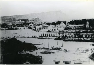 El Muelle de los Pegasos, la bahía de las Ánimas, el Parque del Centenario, al fondo el Cerro de la Popa, Cerro de San Lázaro y las iglesia de la Tercera Orden, San Francisco y Veracruz.
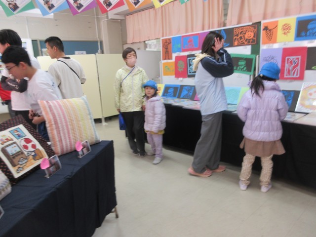 中学生の作品はどれも素晴らしく子どもたちは羨望の眼差しで作品をみていました。
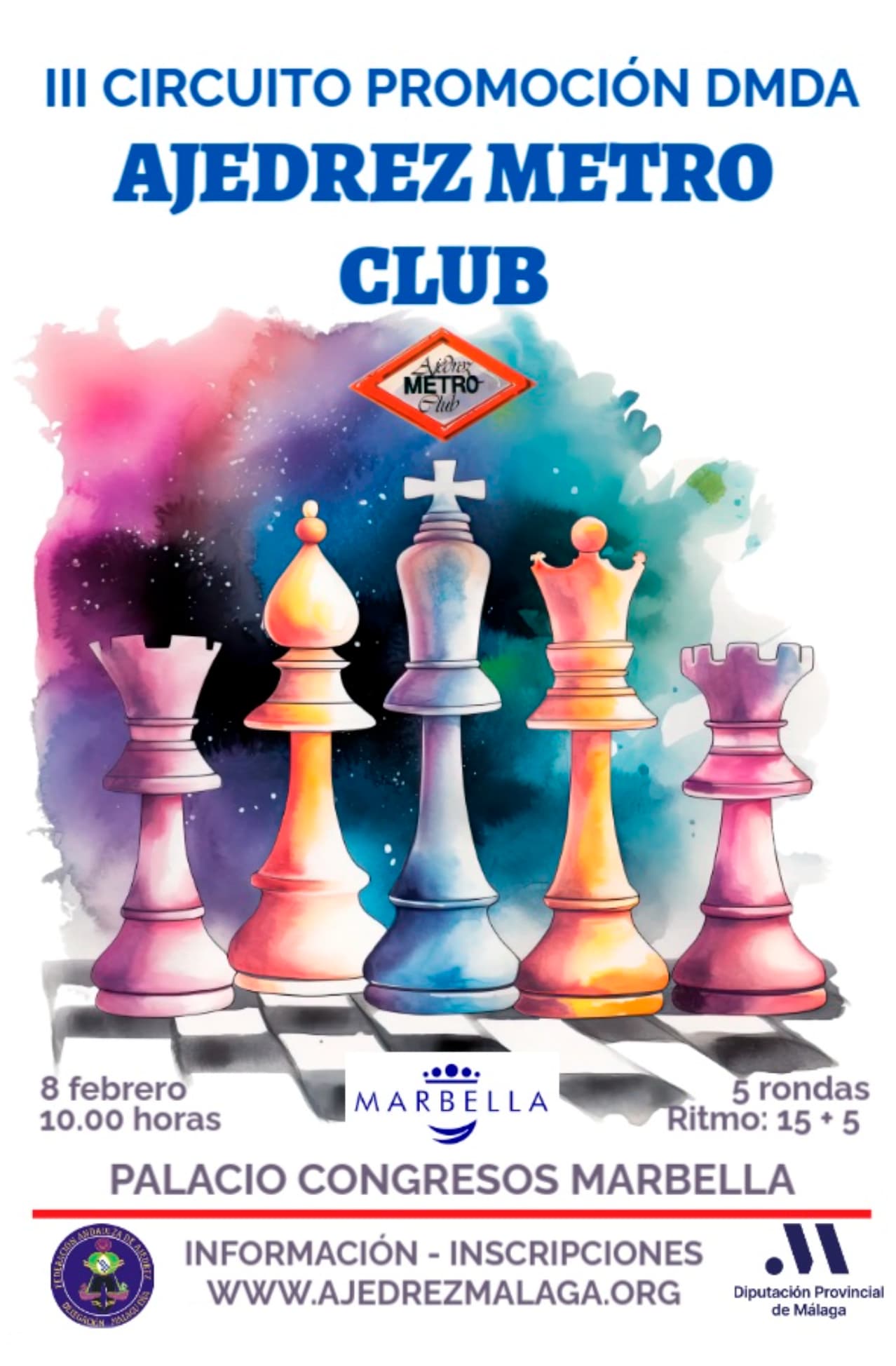 Más información en la web de la delegación malagueña de ajedrez. https://www.ajedrezmalaga.org/torneos/2025/1/24/torneo-promocion-marbella-amc-ajedrez-metro-club-marbella/

*Exercise description*:
Output the data above in full. Skip every picture.

*Your response*:
 El Muelle de los Pegasos, la bahía de las Ánimas, el Parque del Centenario, al fondo el Cerro de la Popa, Cerro de San Lázaro y las iglesia de la Tercera Orden, San Francisco y Veracruz.
 中学生の作品はどれも素晴らしく子どもたちは羨望の眼差しで作品をみていました。
 Más información en la web de la delegación malagueña de ajedrez. https://www.ajedrezmalaga.org/torneos/2025/1/24/torneo-promocion-marbella-amc-ajedrez-metro-club-marbella/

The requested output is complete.